I'm fine either way, it makes the change even simpler. Also, if we
decide to get rid of page_size != PAGE_SIZE condition I believe we can
also get rid of that "huge" hint being conditionally printed out too.

-- Rafael

2014-12-21 18:02:52

by Dave Hansen

[permalink] [raw]
Subject: Re: [PATCH] proc: task_mmu: show page size in /proc/<pid>/numa_maps

On 12/20/2014 11:44 AM, Rafael Aquini wrote:
>> >
>> > It would be simpler to include this unconditionally. Otherwise you
>> > are forcing everybody parsing the file and trying to run calculations
>> > of it to check for its presence, and then have them fall back and get
>> > the value from somewhere else if not.
> I'm fine either way, it makes the change even simpler. Also, if we
> decide to get rid of page_size != PAGE_SIZE condition I believe we can
> also get rid of that "huge" hint being conditionally printed out too.

That would break existing users of the "huge" flag. That makes it out
of the question, right?

2014-12-21 22:29:09

by Rafael Aquini

[permalink] [raw]
Subject: Re: [PATCH] proc: task_mmu: show page size in /proc/<pid>/numa_maps

On Sun, Dec 21, 2014 at 10:02:49AM -0800, Dave Hansen wrote:
> On 12/20/2014 11:44 AM, Rafael Aquini wrote:
> >> >
> >> > It would be simpler to include this unconditionally. Otherwise you
> >> > are forcing everybody parsing the file and trying to run calculations
> >> > of it to check for its presence, and then have them fall back and get
> >> > the value from somewhere else if not.
> > I'm fine either way, it makes the change even simpler. Also, if we
> > decide to get rid of page_size != PAGE_SIZE condition I believe we can
> > also get rid of that "huge" hint being conditionally printed out too.
>
> That would break existing users of the "huge" flag. That makes it out
> of the question, right?
>
Yeah, but it sort of follows the same complaint Johannes did for the
conditional page size printouts.

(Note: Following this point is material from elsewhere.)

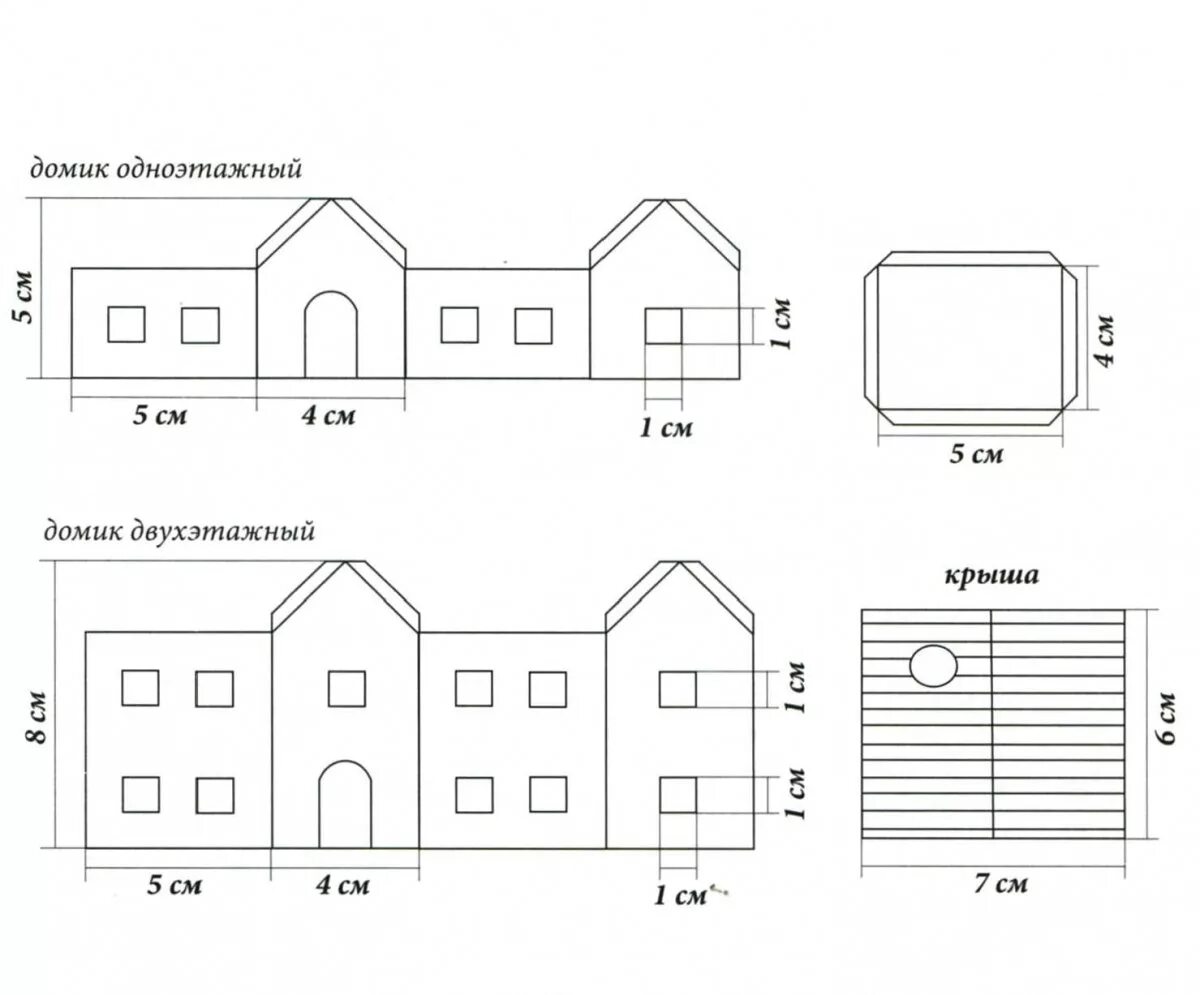 Чертеж картонного домика.

If we start to print out page size
deliberately for each map regardless their backing pages being PAGE_SIZE
long or bigger, I don't see much point on keep conditionally printing out
the 'huge' hint out. As I said before, I'm fine either way though I think
we can keep the current behaviour, and just disambiguate page sizes !=
PAGE_SIZE as in the current proposal.

Looking forward more of your thoughts!

Cheers,
-- Rafael

2014-12-22 17:10:38

by Dave Hansen

[permalink] [raw]
Subject: Re: [PATCH] proc: task_mmu: show page size in /proc/<pid>/numa_maps

On 12/21/2014 02:28 PM, Rafael Aquini wrote:
>>> > > I'm fine either way, it makes the change even simpler. Also, if we
>>> > > decide to get rid of page_size != PAGE_SIZE condition I believe we can
>>> > > also get rid of that "huge" hint being conditionally printed out too.
>> >
>> > That would break existing users of the "huge" flag. That makes it out
>> > of the question, right?
>> >
> Yeah, but it sort of follows the same complaint Johannes did for the
> conditional page size printouts. If we start to print out page size
> deliberately for each map regardless their backing pages being PAGE_SIZE
> long or bigger, I don't see much point on keep conditionally printing out
> the 'huge' hint out.

Because existing userspace might be relying on it. If we take the
'huge' hint out, userspace will break.

> As I said before, I'm fine either way though I think
> we can keep the current behaviour, and just disambiguate page sizes !=
> PAGE_SIZE as in the current proposal.

Unless we somehow have a (really good) handle on how many apps out there
are reading and using 'huge', I think we have to keep the existing behavior.

2014-12-22 17:25:19

by Rafael Aquini

[permalink] [raw]
Subject: Re: [PATCH] proc: task_mmu: show page size in /proc/<pid>/numa_maps

On Mon, Dec 22, 2014 at 09:10:34AM -0800, Dave Hansen wrote:
> On 12/21/2014 02:28 PM, Rafael Aquini wrote:
> >>> > > I'm fine either way, it makes the change even simpler. Also, if we
> >>> > > decide to get rid of page_size != PAGE_SIZE condition I believe we can
> >>> > > also get rid of that "huge" hint being conditionally printed out too.
> >> >
> >> > That would break existing users of the "huge" flag. That makes it out
> >> > of the question, right?
> >> >
> > Yeah, but it sort of follows the same complaint Johannes did for the
> > conditional page size printouts. If we start to print out page size
> > deliberately for each map regardless their backing pages being PAGE_SIZE
> > long or bigger, I don't see much point on keep conditionally printing out
> > the 'huge' hint out.
>
> Because existing userspace might be relying on it. If we take the
> 'huge' hint out, userspace will break.
>
> > As I said before, I'm fine either way though I think
> > we can keep the current behaviour, and just disambiguate page sizes !=
> > PAGE_SIZE as in the current proposal.
>
> Unless we somehow have a (really good) handle on how many apps out there
> are reading and using 'huge', I think we have to keep the existing behavior.
>
Right. I definitely don't have anything better than what I already
presented which seems beaten by your argument, already.
Remaining question here is: should we print out 'pagesize' deliberately
or conditionally, only to disambiguate cases where page_size != PAGE_SIZE?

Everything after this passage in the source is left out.